One of the major new hardware features of Apple Silicon Macs, including those launched on 10 November, is that they use “unified memory”. This article looks briefly at what this means, its consequences, and where the M1 and its successors are taking hardware design.

Previous hardware architectures have largely been modular. There’s the processor and memory; as memory management becomes more complex, the two get a bit more intertwined with a separate or integrated memory management unit. Then there are peripherals like disks, which have their own interface modules, and the display is driven by a separate graphics card.

This has some advantages. It’s eminently upgradeable by the user; when you can afford a better graphics card, you can replace the existing one with a faster GPU and more graphics memory. You can also buy a basic version of that model with little main memory, and upgrade that when you can afford it. This has allowed graphics cards to have less, faster and more expensive memory which is only accessible to the GPU. Main memory isn’t shared between the CPU and GPU, although ironically more basic designs, such as laptops with simpler graphics, may use main memory rather than the faster chips of a graphics card.

There are problems with this architecture, though. GPUs are now being used for a lot more than just driving the display, and their computing potential for specific types of numeric and other processing is in demand. So long as CPUs and GPUs continue to use their own local memory, simply moving data between their memory has become an unwanted overhead. If you’d like to read a more technical account of some of the issues which have brought unified memory to Nvidia GPUs, you’ll enjoy Michael Wolfe’s article on the subject.

At the same time, chip design has changed, with far tighter integration of what have been separate chips into a System on a Chip (SoC), a field in which Apple is one of the leaders, largely as a result of its hardware development for iPhones and iPads. SoCs can run faster, use less power, and stay cooler, and when built in large quantities are considerably cheaper – all advantages which Apple has used in its products, but only now in Macs.

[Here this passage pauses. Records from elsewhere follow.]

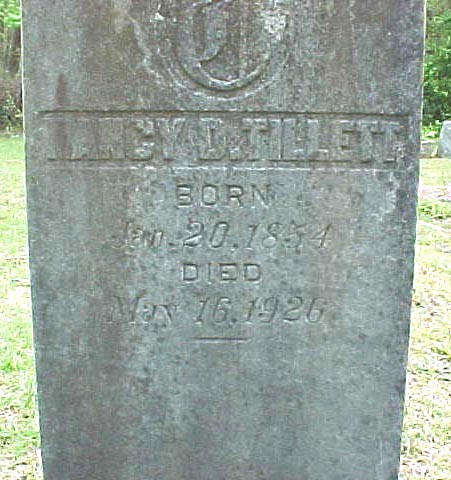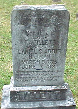 | Tillett, Cynthia P. | March 8, 1875 | June 7, 1931 | Mother; Wife of T.A. Tillett; Daughter of Daniel & Abbie Hayman |
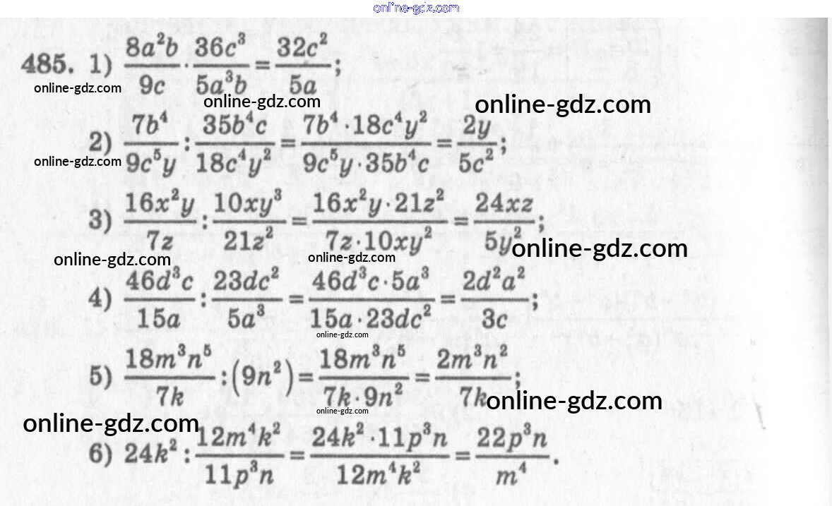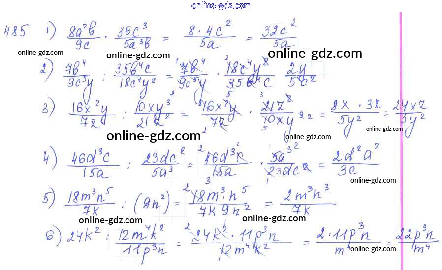 Готовые домашние задания по Алгебре за 7 класс Учебник Алимов, Колягин 2014 - §27. Умножение и деление алгебраических дробей Глава 5. Алгебраические дроби 485
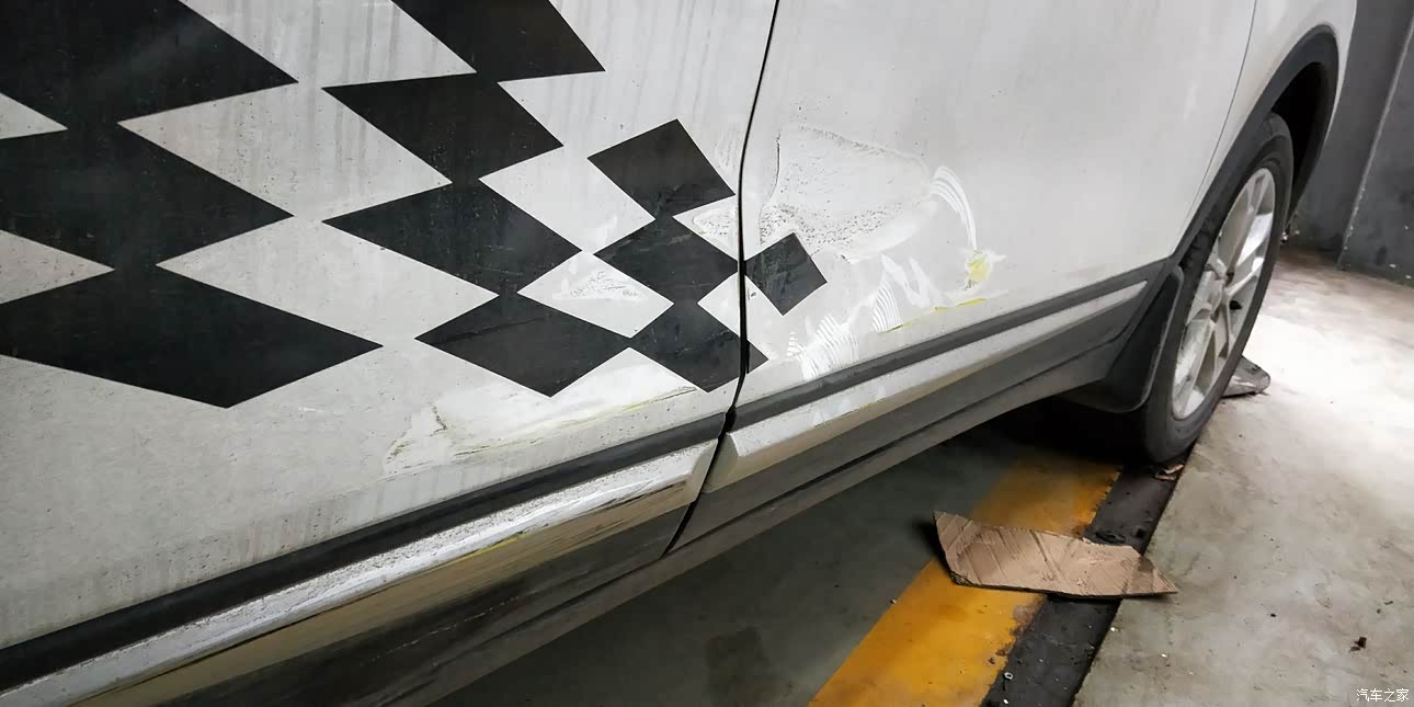 停车停外面,好脏,还有一个划痕,一个钣金都有坑了

In this new model, CPU cores and GPUs access the same memory. When data being processed by the CPU needs to be manipulated by the GPU, it stays where it is. That unified memory is as fast to access as dedicated GPU memory, and completely flexible. When you want to connect a high-resolution display, that’s not limited by the memory tied to the GPU, but by total memory available. Imagine the graphics capability of 64 or even 128 GB of unified memory.

If demands made on unified memory are more variable, and could require that a high proportion of physical memory is used for graphics and the display, this might result in increased use of virtual memory, and CPU cycles lost to caching. That was certainly a problem when caching to rotating disks, but with modern high-speed SSDs effects on performance are minimised. After all, an internal SSD is only larger and slightly slower-access memory. That requires tighter integration of internal storage too.

Apple’s first M1 Macs are its first convergence of these features: sophisticated SoCs which tightly integrate CPU cores and GPUs, fast access to unified memory, and tightly-integrated storage on an SSD. Together they offer unrivalled versatility, what Apple sees as relatively low-end systems which can turn their hand and speed to some of the most demanding tasks while remaining cool, consuming little power, and being relatively inexpensive to manufacture in volume.

They break many of the concepts that we have come to accept. You may have needed 32 GB of upgradeable memory in the past, and internal storage which you can replace as your Music library grows. Now all the main components – CPU, GPU, memory and internal storage – are tightly integrated and interdependent. There are, and will remain, some hardware options, but you don’t need to specify a kit any more: M1 Macs come ready-built.